Opinião

A Argentina ganha mais uma

Editorial do Estadão
A Argentina vai continuar barrando produtos brasileiros por muito tempo, se isso depender de Brasília. O governo argentino conseguiu mais uma vez manobrar o governo brasileiro a seu favor. Depois de um encontro bilateral em São Paulo, o secretário executivo do Ministério do Desenvolvimento, Ivan Ramalho, disse estar "mais distante" a possibilidade de retaliar a Argentina com licenças não automáticas de importação ou de iniciar um processo na Organização Mundial do Comércio (OMC). Missão cumprida, portanto, para o subsecretário de Política e Gestão Comercial do Ministério da Produção argentino, Eduardo Bianchi. O risco de um atrito mais sério, a curto prazo, está afastado, e esse era seu principal objetivo ao visitar a Federação das Indústrias do Estado de São Paulo (Fiesp), onde se reuniu na segunda e na terça-feira o comitê de acompanhamento do comércio bilateral. A ação na OMC havia sido pedida ao governo uma semana antes pela Confederação Nacional da Indústria (CNI).

Bianchi anunciou a liberação de importações, em julho, de 1,1 milhão de pares de calçados, de 173 mil unidades de móveis e de 205 mil pneumáticos, depois de longa demora. Não deixou claro, no entanto, se a "abertura" verificada em julho, para alguns setores, foi o prenúncio de um comércio bilateral menos travado em todos os segmentos.
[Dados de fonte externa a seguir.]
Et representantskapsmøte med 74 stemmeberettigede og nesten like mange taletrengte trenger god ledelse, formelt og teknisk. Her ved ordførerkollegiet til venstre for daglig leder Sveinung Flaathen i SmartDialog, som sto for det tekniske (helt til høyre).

A hipótese mais otimista parece altamente improvável, apesar do entusiasmo demonstrado pelo secretário Ivan Ramalho. Os acordos com a Argentina, disse ele, "estão sendo cumpridos satisfatoriamente", segundo os dados expostos pela delegação daquele país. Ramalho admitiu, no entanto, "possíveis desvios de comércio", em benefício da China, mas sem comprometer a relação comercial entre os dois vizinhos.

Esses "possíveis desvios" estão perfeitamente comprovados. De janeiro a maio do ano passado, o Brasil forneceu 57% dos calçados importados pela Argentina e a China, 29%. Nos primeiros cinco meses deste ano, a participação brasileira ficou em 45%, enquanto a chinesa alcançou 39%. Desvios de comércio a favor de concorrentes do Brasil ocorreram também noutras ocasiões, em consequência de barreiras contra produtos brasileiros. O governo brasileiro chegou a protestar, em certa ocasião, mas só depois de farta divulgação dos fatos pela imprensa. Enquanto a ação depende principalmente de sua iniciativa, as autoridades de Brasília têm preferido aceitar o protecionismo argentino e até induzir os empresários brasileiros a negociar restrições voluntárias.
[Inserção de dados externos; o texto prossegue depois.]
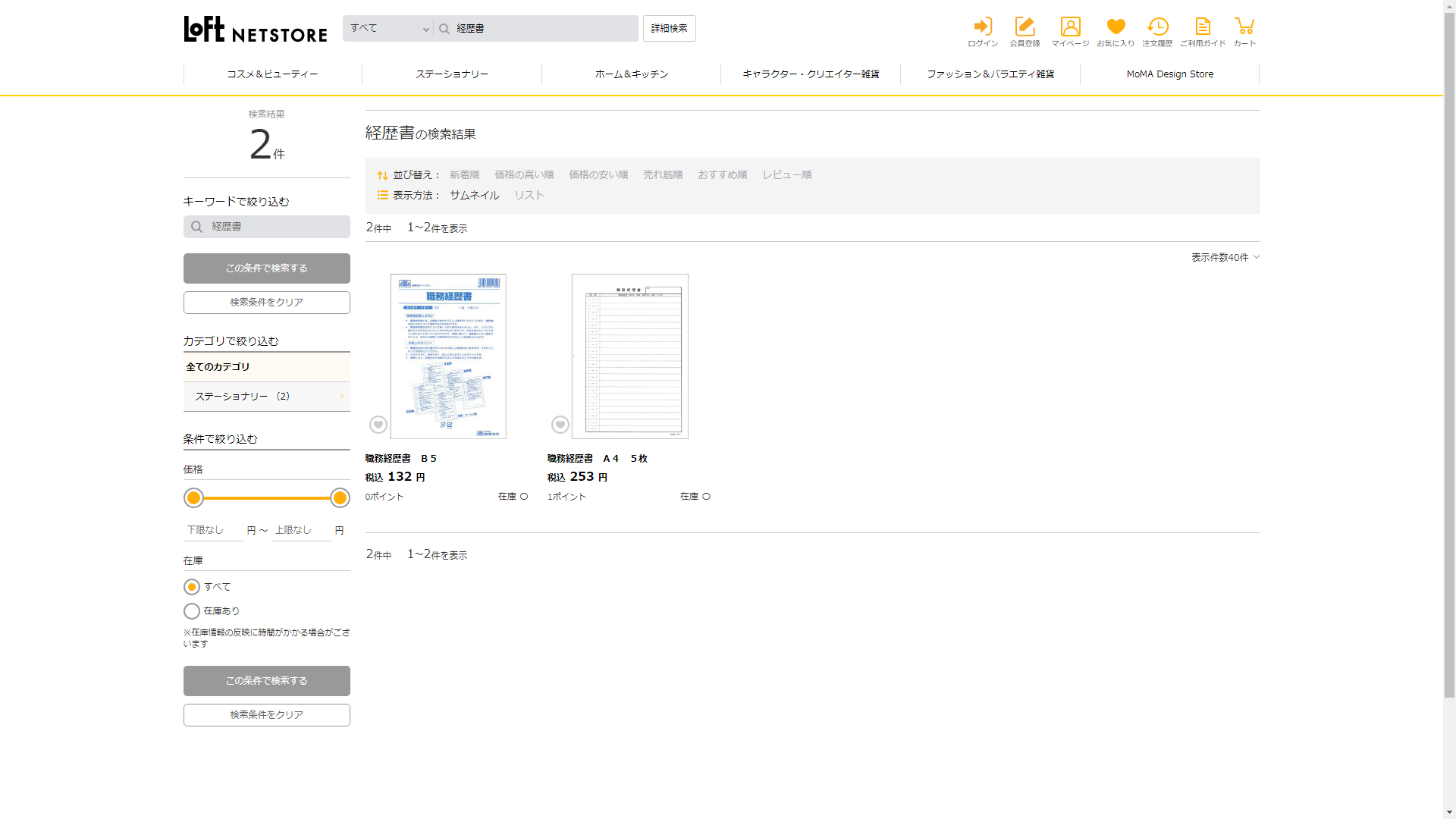 経歴書はロフトで販売されています

Os acordos "cumpridos satisfatoriamente", de acordo com a avaliação otimista do secretário Ivan Ramalho, são todos custosos para a indústria brasileira. Cumpri-los de forma satisfatória - para repetir a avaliação do funcionário de Brasília - significa simplesmente respeitar os prazos normais das licenças de importação. Mas esse comportamento é recentíssimo e vários setores continuam sujeitos ao arbítrio dos burocratas argentinos encarregados de barrar as importações provenientes do Brasil. Para vários setores, como o têxtil, as licenças vêm sendo concedidas com muita demora, em prazo frequentemente superior a 60 dias, e não há um claro sinal de mudança nessa política.

A imposição de barreiras tem sido a forma usada pelo governo argentino para arrancar dos empresários brasileiros compromissos de restrição "voluntária" de exportações. O governo brasileiro trata o assunto, oficialmente, como se os acordos fossem produzidos por entendimentos entre empresários dos dois países. Mas não é isso que acontece. Os industriais argentinos são apoiados por seu governo e têm a seu favor a ameaça de imposição de barreiras. Os empresários brasileiros não têm apoio oficial e, além disso, são induzidos a aceitar as imposições dos argentinos. Esse problema se agravou desde o segundo semestre de 2008, quando a crise internacional atingiu a região. Mas o jogo tem sido praticado há vários anos, em nome de uma fantasiosa correção de assimetrias. Fantasiosa porque a indústria argentina pouco tem investido há muitos anos e quase nada tem feito, além de recorrer ao protecionismo, para aumentar seu poder de competição.